Charles Dickens: Bleak House

32. CHAPTER XXXII: The Appointed Time (continued)

Tony again entreats that the subject may be no longer pursued, saying emphatically, "William Guppy, drop it!" Mr. Guppy acquiesces, with the reply, "I never should have taken it up, Tony, of my own accord."

"And now," says Tony, stirring the fire, "touching this same bundle of letters. Isn't it an extraordinary thing of Krook to have appointed twelve o'clock to-night to hand 'em over to me?"

"Very. What did he do it for?"

"What does he do anything for? HE don't know. Said to-day was his birthday and he'd hand 'em over to-night at twelve o'clock. He'll have drunk himself blind by that time. He has been at it all day."

"He hasn't forgotten the appointment, I hope?"

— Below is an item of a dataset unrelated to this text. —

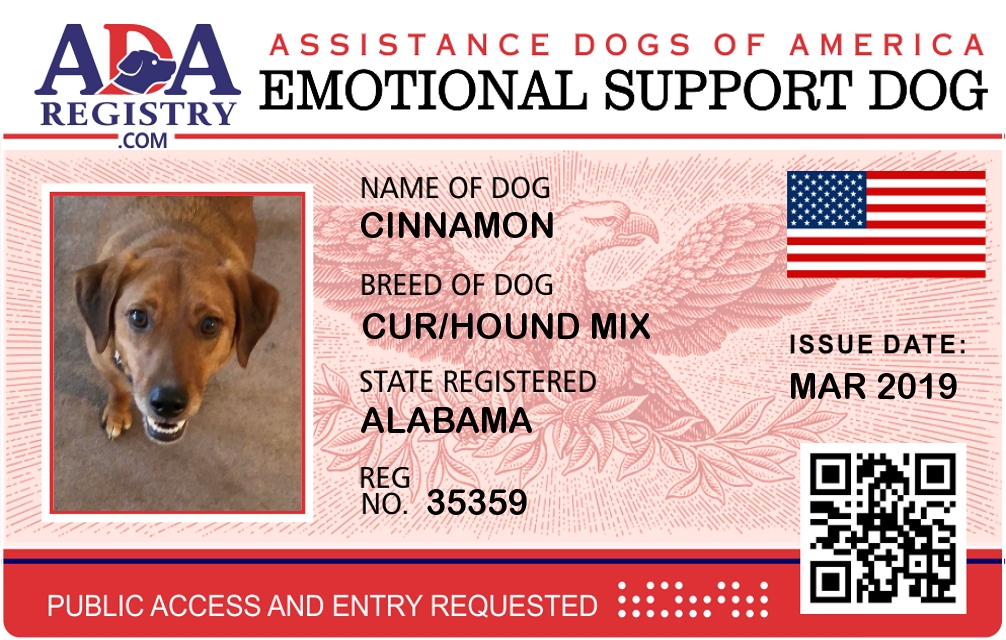 Emotional Support Dog Registration for Cinnamon

"Forgotten? Trust him for that. He never forgets anything. I saw him to-night, about eight--helped him to shut up his shop--and he had got the letters then in his hairy cap. He pulled it off and showed 'em me. When the shop was closed, he took them out of his cap, hung his cap on the chair-back, and stood turning them over before the fire. I heard him a little while afterwards, through the floor here, humming like the wind, the only song he knows-- about Bibo, and old Charon, and Bibo being drunk when he died, or something or other. He has been as quiet since as an old rat asleep in his hole."

"And you are to go down at twelve?"

"At twelve. And as I tell you, when you came it seemed to me a hundred."

"Tony," says Mr. Guppy after considering a little with his legs crossed, "he can't read yet, can he?"

"Read! He'll never read. He can make all the letters separately, and he knows most of them separately when he sees them; he has got on that much, under me; but he can't put them together. He's too old to acquire the knack of it now--and too drunk."